** EXERCISE OBJECTIVE **
Reproduce the records below exactly from their first line through the line containing "všech školních pomůcek.", omitting all pictures.

** Items from a data source **
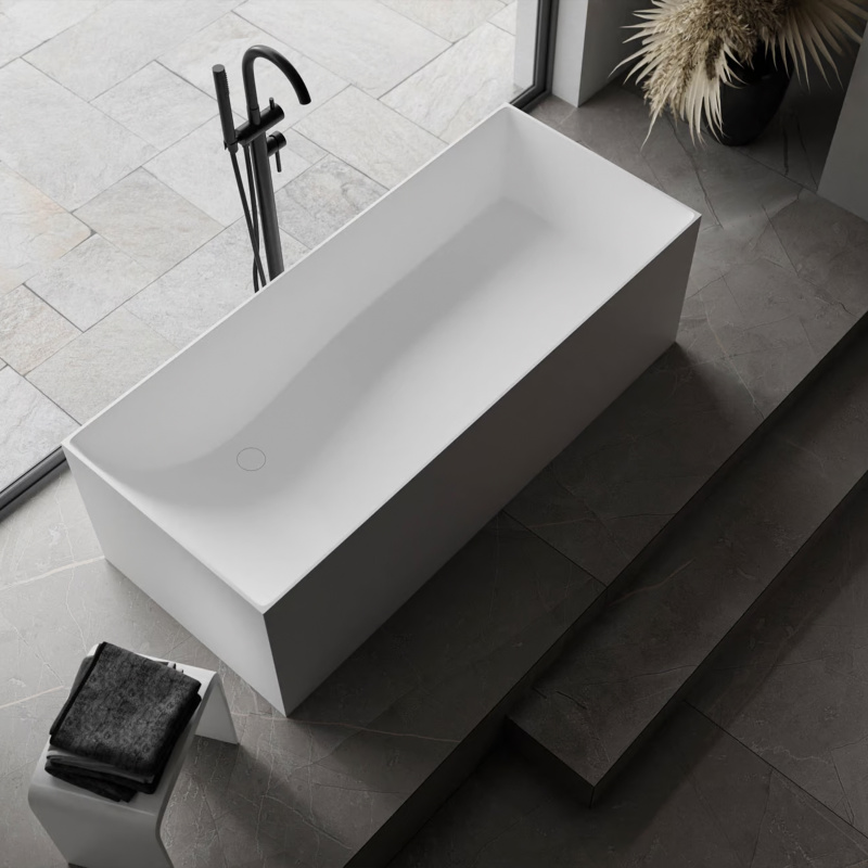 Prostokątna wanna wolnostojąca LUNA STONE to kusząca propozycja dla fanów minimalizmu. Jej prosta linia i kształt nadają wnętrzu świeżości i odrobiny nowoczesności. Dzięki minimalistycznej formie i swojej uniwersalności idealnie wpasuje się w każdą aranżację.
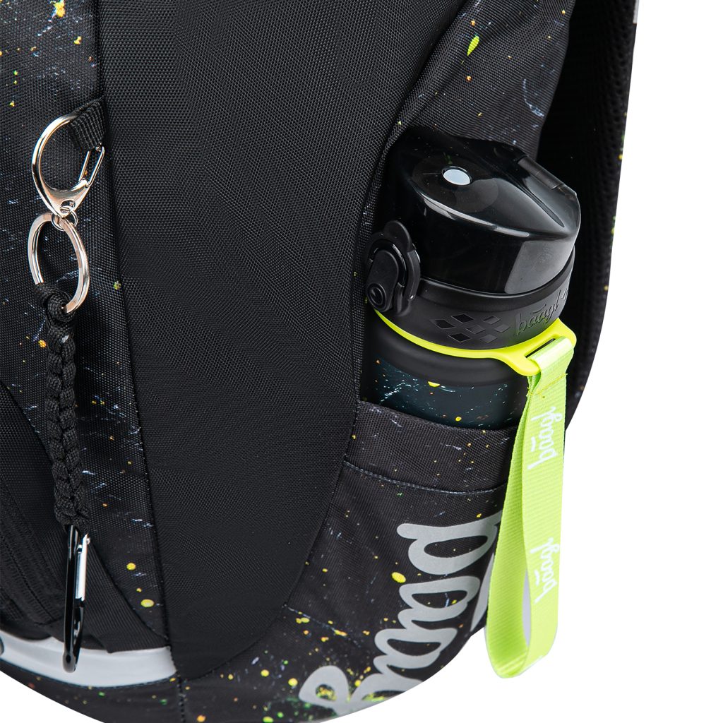 • Jednokomorové vnitřní uspořádání s kapsou a gumičkou pro uchycení desek na zádové straně slouží ke snadné organizaci všech školních pomůcek.
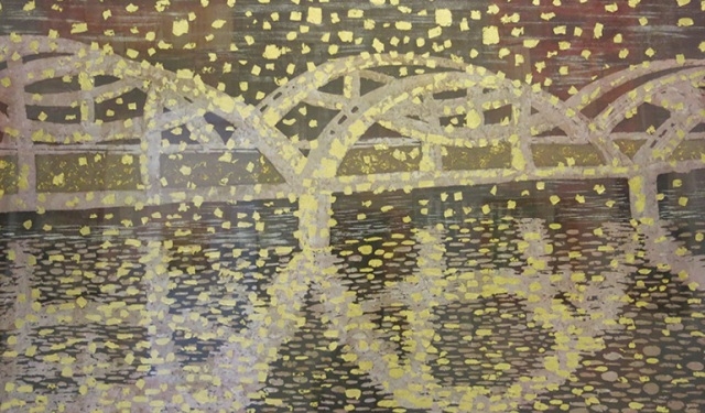 “Chuyển nhịp cùng Hương” của nữ họa sĩ Nguyễn Thị Huệ là một trong những tác phẩm đặc trưng cho phong cách Huế: nhẹ nhàng, mềm mại và sâu lắng. Bằng chất liệu lụa tổng hợp, tác phẩm thể hiện cách điệu hình ảnh cầu Trường Tiền lấp lánh sắc vàng. Sự phá cách về kỹ thuật tạo hiệu ứng chiều sâu, hòa sắc đẹp cho tác phẩm. Với bức tranh này, dường như cả trời, đất, mây, nước hòa vào nhau trong không gian đặc trưng của Huế.
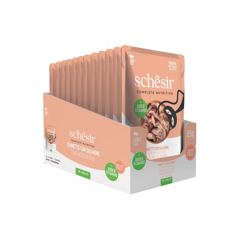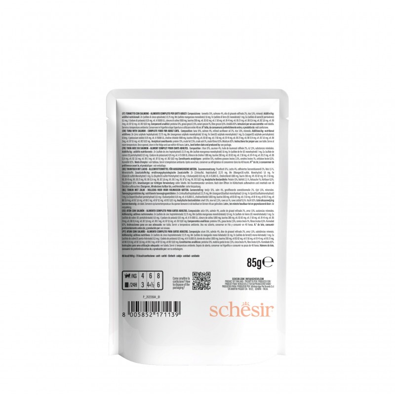 Schesir dokłada wszelkich starań, aby każda porcja była tak naturalna, jak to tylko możliwe. Tuńczyk poławiany na otwartym morzu oraz starannie wyselekcjonowany łosoś tworzą wysokobiałkowy, minimalnie przetworzony posiłek, który odpowiada biologicznym potrzebom kota. Ręczne przygotowanie składników i delikatne gotowanie na parze pozwalają zachować naturalną strukturę filetów i ich pełny aromat. Galaretka dodatkowo zwiększa smakowitość, wspiera prawidłowe nawodnienie i ułatwia jedzenie, szczególnie kotom preferującym wilgotne, lekkie konsystencje. Niska zawartość węglowodanów idealnie wpisuje się w naturalny model żywienia drapieżników.
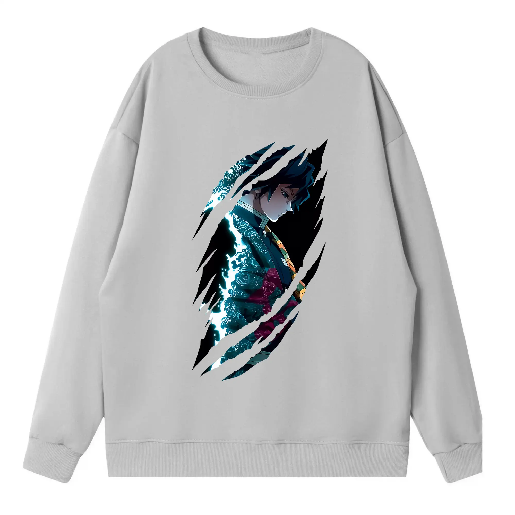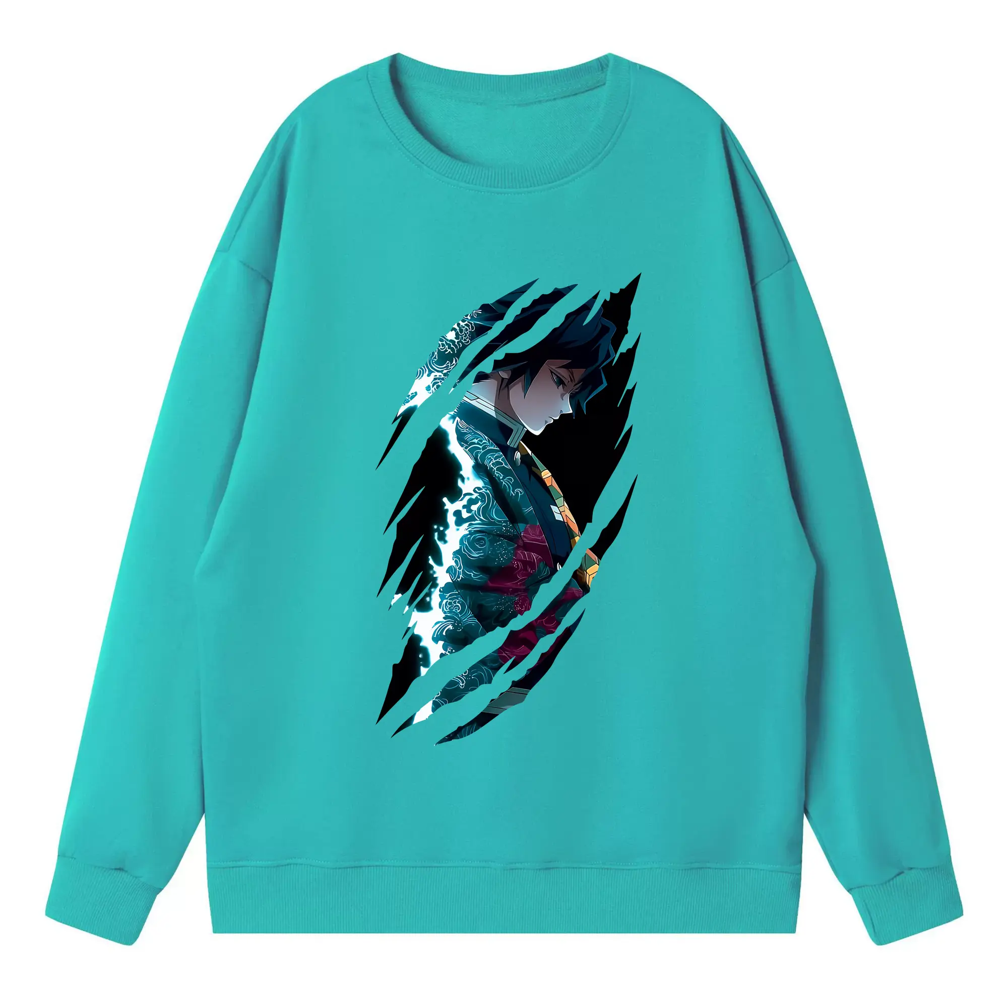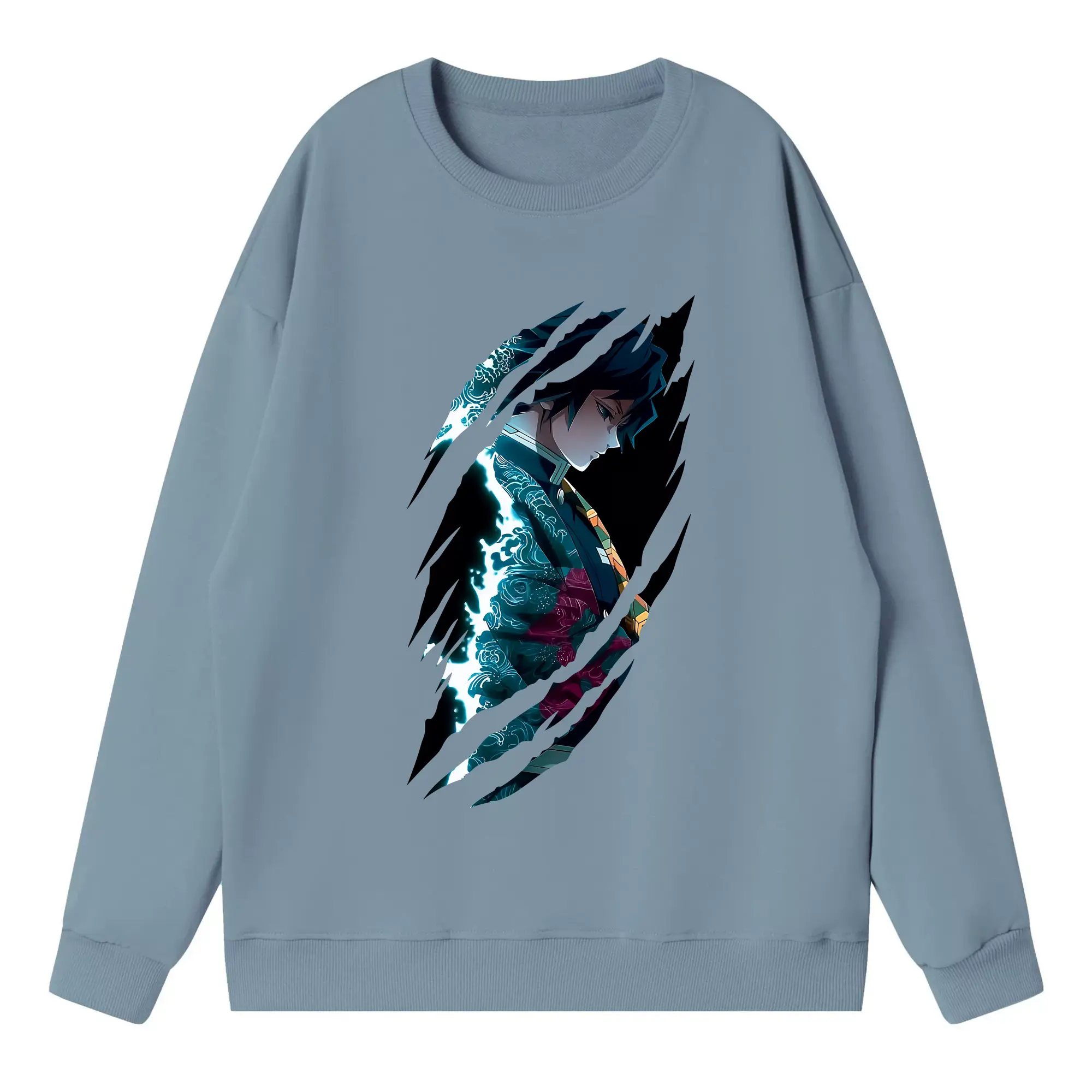 鬼滅の刃 グッズ,冨岡 義勇 - 高品質 クルーネック スウェット ・ コットン59% ポリエステル41% ・ ユニセックス 長袖 トレーナー ・ カジュアル デイリー スポーツ 散歩用

** SOLVED EXERCISE **
 Prostokątna wanna wolnostojąca LUNA STONE to kusząca propozycja dla fanów minimalizmu. Jej prosta linia i kształt nadają wnętrzu świeżości i odrobiny nowoczesności. Dzięki minimalistycznej formie i swojej uniwersalności idealnie wpasuje się w każdą aranżację.
 • Jednokomorové vnitřní uspořádání s kapsou a gumičkou pro uchycení desek na zádové straně slouží ke snadné organizaci všech školních pomůcek.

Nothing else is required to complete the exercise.